NASA's Europa Clipper isn't just a spacecraft — it's a work of art

A spacecraft silhouette with Jupiter in the background. At the bottom, a moon of Jupiter.
This artist's concept depicts NASA's Europa Clipper spacecraft silhouetted against Jupiter as it passes over the gas giant's icy moon Europa (bottom center). (Image credit: NASA)

A metallic plate about the size of a standard sheet of printer paper is bolting through space as you read this, engraved with the thoughts of U.S. Poet Laureate Ada Limón:

"Arching under the night sky inky
with black expansiveness, we point
to the planets we know,"

Indeed, this slate gray plate is headed toward a world that has plagued humanity's dreams since the dawn of astronomy: our solar system's sunset-hued gas giant, Jupiter. It's attached to a spacecraft called the Europa Clipper, NASA's solar-winged, silvery probe built to study the intricacies of a Jovian moon that could have harbored life long ago, per scientists' calculations. That probe launched on its mission on Oct. 14; it's somewhere in the vastness of space now, on its way to Europa.

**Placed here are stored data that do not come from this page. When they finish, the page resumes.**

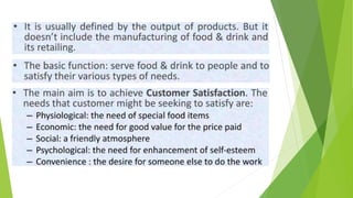 The document discusses different types of food and beverage service operations. It describes 12 types of establishments including bistros, bars, coffee shops, restaurants, cafeterias, pubs, and wine bars. It provides brief definitions and examples for each type of establishment, noting what foods and drinks they typically serve and their atmosphere. The overall document serves to classify and define various food service business models.
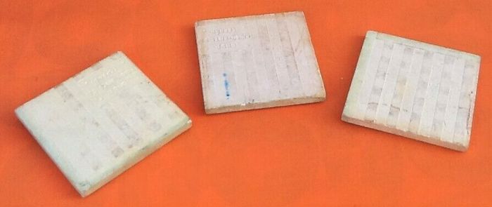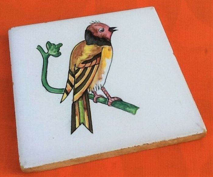 3 Carreaux anciens en céramique Décor d' oiseau sur branche Pinon y Ribes S.L Onda (Castellon) Made in Spain (100x100x8)mm Poids total : 440grs
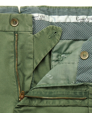 南イタリアの一流ファクトリーに別注したcasual134オリジナルパンツです。ストレッチ性のあるコットン素材。テーパードしたシルエットのためシルエットも美しく、まさに大人のカジュアルにふさわしい至極の1本に仕上がりました。※色落ちの可能性がございますので、他のものと一緒に洗濯しないでください。
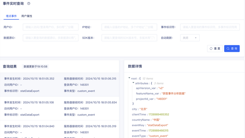 实时上报埋点测试:可视化埋点测试的实现还是有点难度,如果短期做不到,那实时上报埋点测试一定是要支持的,即测试或产品在终端操作时,能有一个区域可以实时接收到埋点数据,从而验证操作后是否正确收集到了数据,如下图;
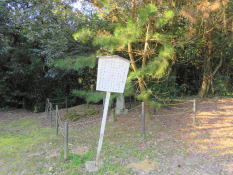 | 街道に戻って先に進むと、右手の民家前に一里塚跡と高札場跡がある。 この辺りでは一里塚のことを 「一里山」 と呼んでおり、石碑にも 「一里山旧址」 と刻まれている。ここは江戸日本橋から数えて70里目の一里塚である。白須賀宿の高札場は、ここ元宿と東長谷に一箇所ずつ設置されたほか 「加宿」 である境宿村にも一箇所設置されていた。 |
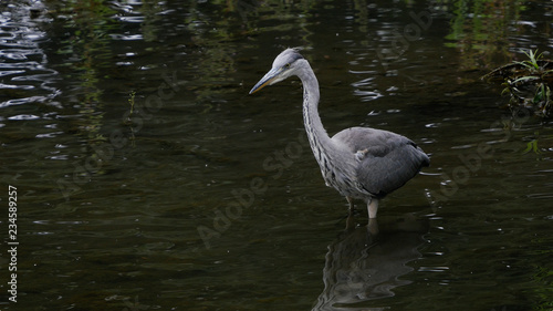 Grey Heron / Ardea cinerea portrait wading in river hunting for fish
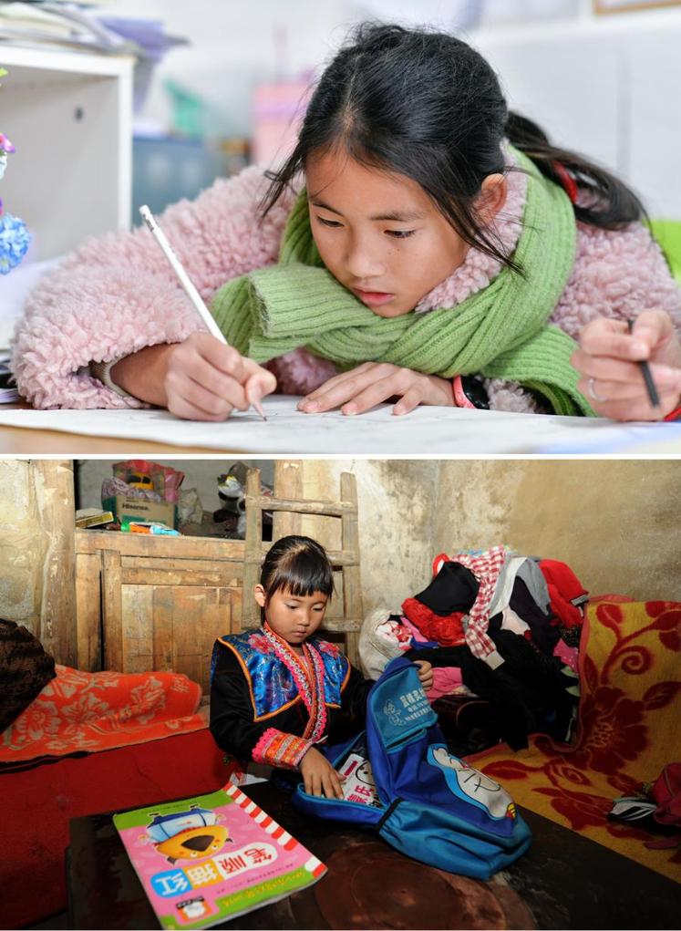 This combo photo shows Ji Xue practising drawing (above) at school in Xixiu District of Anshun City, southwest China's Guizhou Province, Dec. 22, 2023 and Ji Xue packing school bag at Longtan Village in Xixiu District on April 21, 2018. (Xinhua/Yang Wenbin)

But the sturdy plate — inscribed with far more than the poignant words of Limón — also has a twin that sits on our planet. The replica is at the Brand Library & Art Center in Glendale, California, and the simple fact that it exists invites us to ponder the peculiar gap between art and science, or lack thereof.

"we / pin quick wishes on stars. From earth,
we read the sky as if it is an unerring book
of the universe, expert and evident.

Still, there are mysteries below our sky:
the whale song, the songbird singing
its call in the bough of a wind-shaken tree."

Related: The artist who sculpted the 4-dimensional fabric of space and time

If you take this train of thought to the most extreme level, you may argue that quite literally everything is artwork, and that the entire topic of this story is moot. You could perhaps also argue that quite literally everything is scientific, leading to the same conclusion.

The way tiny vibrations in your house can make water ripple within a Poland Spring bottle is strangely mesmerizing when focused on, the general reflective properties of mirrors are consistently tapped on in artist exhibitions, and the Gauss-Bonnet theorem, which is used to describe the curvature of complex shapes, is often referred to by mathematicians as "beautiful." Even psychological concepts, like the inexplicable qualia that comes with new physical experiences, can be deemed "artistic." What, intrinsically, is only science or only art?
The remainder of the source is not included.